Records
[Start of Attachment]
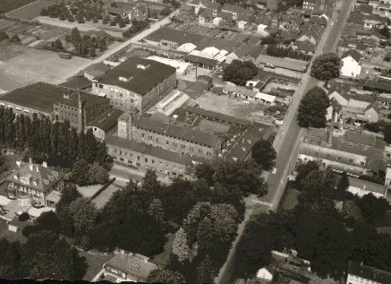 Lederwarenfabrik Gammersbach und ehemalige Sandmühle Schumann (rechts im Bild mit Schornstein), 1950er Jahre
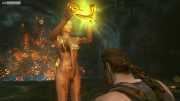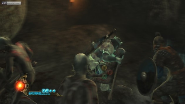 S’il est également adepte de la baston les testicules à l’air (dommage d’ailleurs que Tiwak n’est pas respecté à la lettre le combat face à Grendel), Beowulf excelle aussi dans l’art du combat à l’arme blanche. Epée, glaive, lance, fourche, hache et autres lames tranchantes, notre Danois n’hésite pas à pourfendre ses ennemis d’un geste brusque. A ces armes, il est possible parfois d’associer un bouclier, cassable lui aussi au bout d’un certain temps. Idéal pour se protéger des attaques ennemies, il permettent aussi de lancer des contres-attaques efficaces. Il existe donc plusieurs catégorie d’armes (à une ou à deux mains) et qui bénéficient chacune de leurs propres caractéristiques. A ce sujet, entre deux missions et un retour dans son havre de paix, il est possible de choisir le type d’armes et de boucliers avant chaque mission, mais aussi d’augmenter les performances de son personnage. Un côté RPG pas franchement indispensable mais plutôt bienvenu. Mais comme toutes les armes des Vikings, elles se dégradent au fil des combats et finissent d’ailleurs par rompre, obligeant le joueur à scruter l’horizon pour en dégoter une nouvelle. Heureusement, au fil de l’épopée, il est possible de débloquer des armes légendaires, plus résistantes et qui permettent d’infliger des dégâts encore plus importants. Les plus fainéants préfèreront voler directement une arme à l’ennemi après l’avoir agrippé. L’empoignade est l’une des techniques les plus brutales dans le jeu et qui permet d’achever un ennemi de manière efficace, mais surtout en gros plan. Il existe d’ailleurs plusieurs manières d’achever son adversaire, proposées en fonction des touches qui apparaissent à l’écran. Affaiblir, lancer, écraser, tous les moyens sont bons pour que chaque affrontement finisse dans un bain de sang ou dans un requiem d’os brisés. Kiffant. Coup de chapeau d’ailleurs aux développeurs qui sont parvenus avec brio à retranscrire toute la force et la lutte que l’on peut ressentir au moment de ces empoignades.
[End of Attachment]
[Start of Attachment]
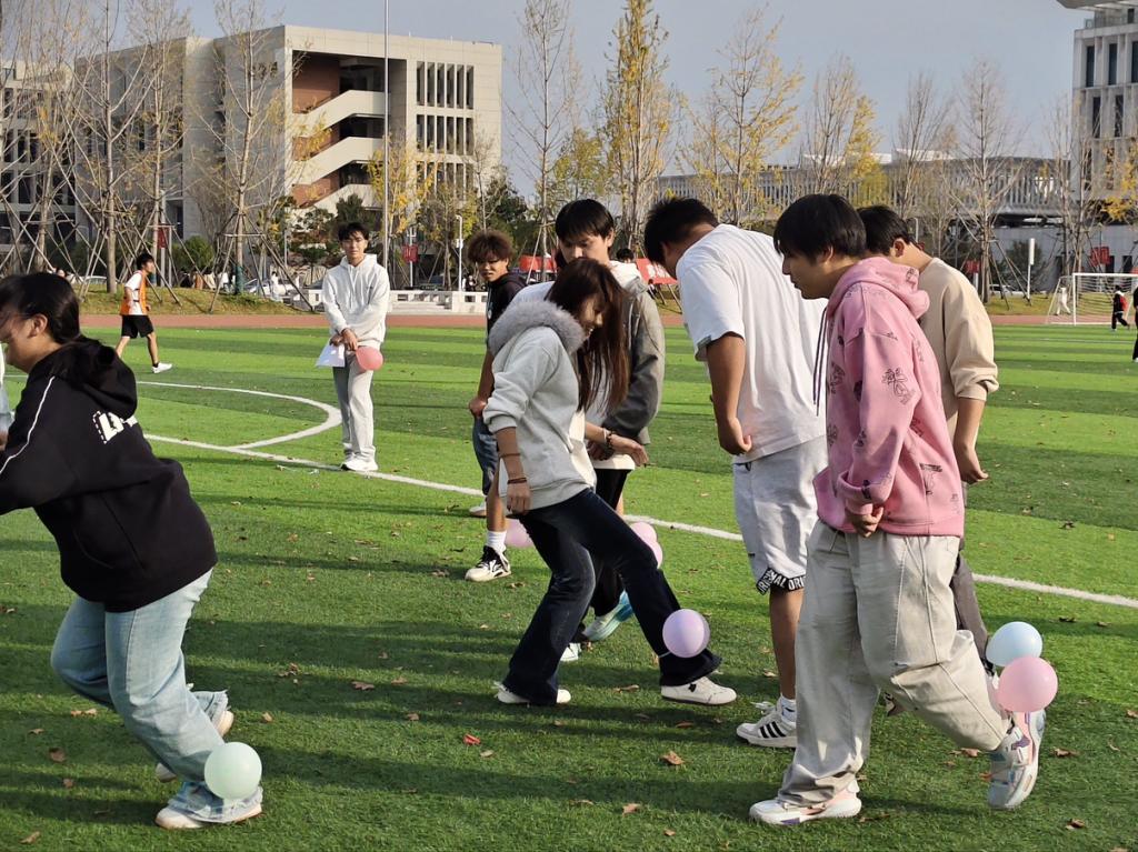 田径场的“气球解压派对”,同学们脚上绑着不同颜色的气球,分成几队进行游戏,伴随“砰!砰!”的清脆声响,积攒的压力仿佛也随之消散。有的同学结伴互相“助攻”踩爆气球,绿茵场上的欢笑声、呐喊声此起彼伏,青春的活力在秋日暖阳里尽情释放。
[End of Attachment]
[Start of Attachment]
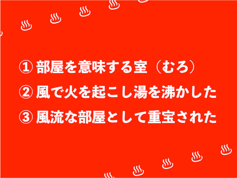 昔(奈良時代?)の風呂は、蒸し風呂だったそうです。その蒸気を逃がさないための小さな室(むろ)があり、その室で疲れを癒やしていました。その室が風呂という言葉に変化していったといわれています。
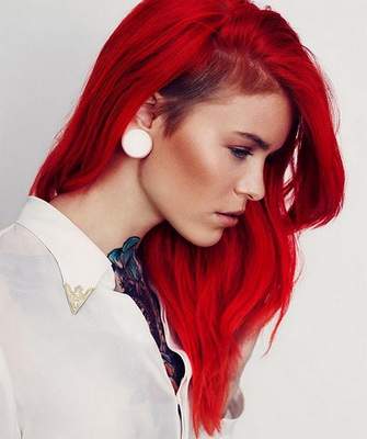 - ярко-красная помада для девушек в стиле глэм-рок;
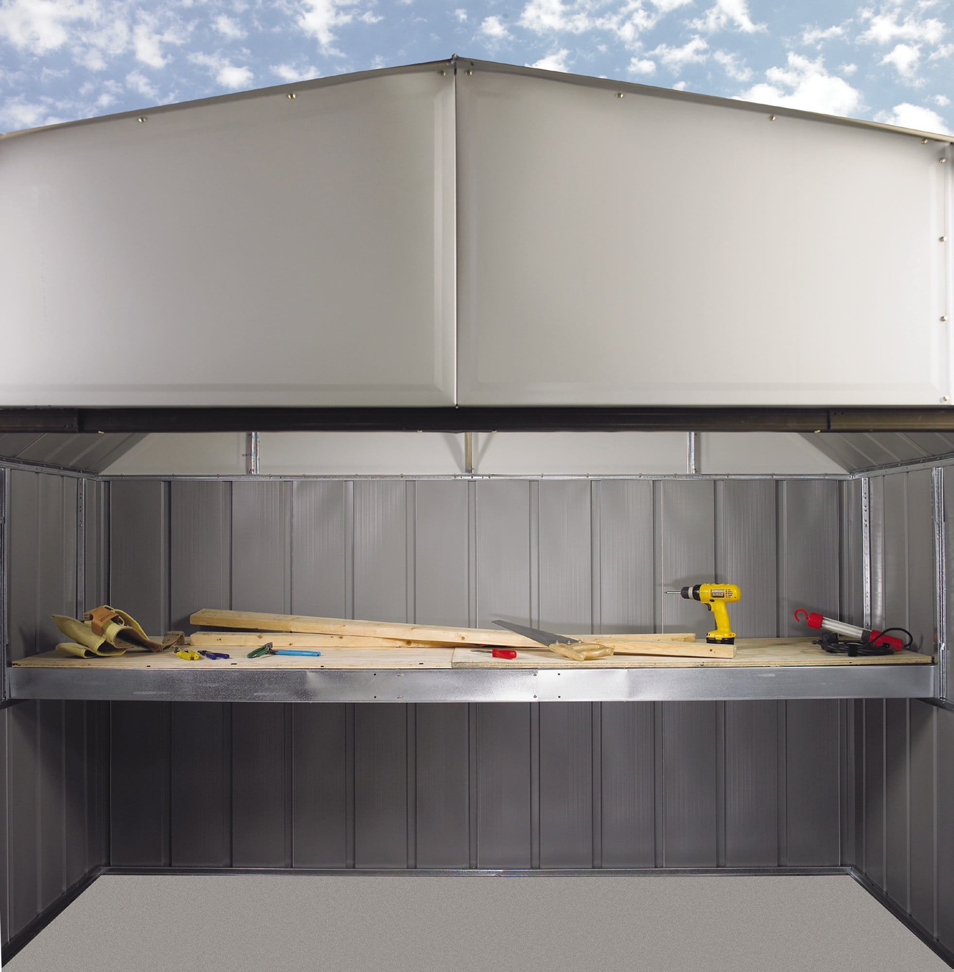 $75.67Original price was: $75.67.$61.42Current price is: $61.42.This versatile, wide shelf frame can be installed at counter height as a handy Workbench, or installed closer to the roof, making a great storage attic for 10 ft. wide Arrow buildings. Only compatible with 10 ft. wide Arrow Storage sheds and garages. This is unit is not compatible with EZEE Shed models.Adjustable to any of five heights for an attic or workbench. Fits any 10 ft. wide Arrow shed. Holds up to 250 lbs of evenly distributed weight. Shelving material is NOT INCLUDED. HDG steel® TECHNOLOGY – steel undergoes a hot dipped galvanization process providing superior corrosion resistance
[End of Attachment]
Required work
Beginning with the line above that contains "昔(奈良時代?)の風呂は、蒸" and ending with the line that contains "- ярко-красная помада", quote each line exactly, keeping out the pictures.

Response to this task
 昔(奈良時代?)の風呂は、蒸し風呂だったそうです。その蒸気を逃がさないための小さな室(むろ)があり、その室で疲れを癒やしていました。その室が風呂という言葉に変化していったといわれています。
 - ярко-красная помада для девушек в стиле глэм-рок;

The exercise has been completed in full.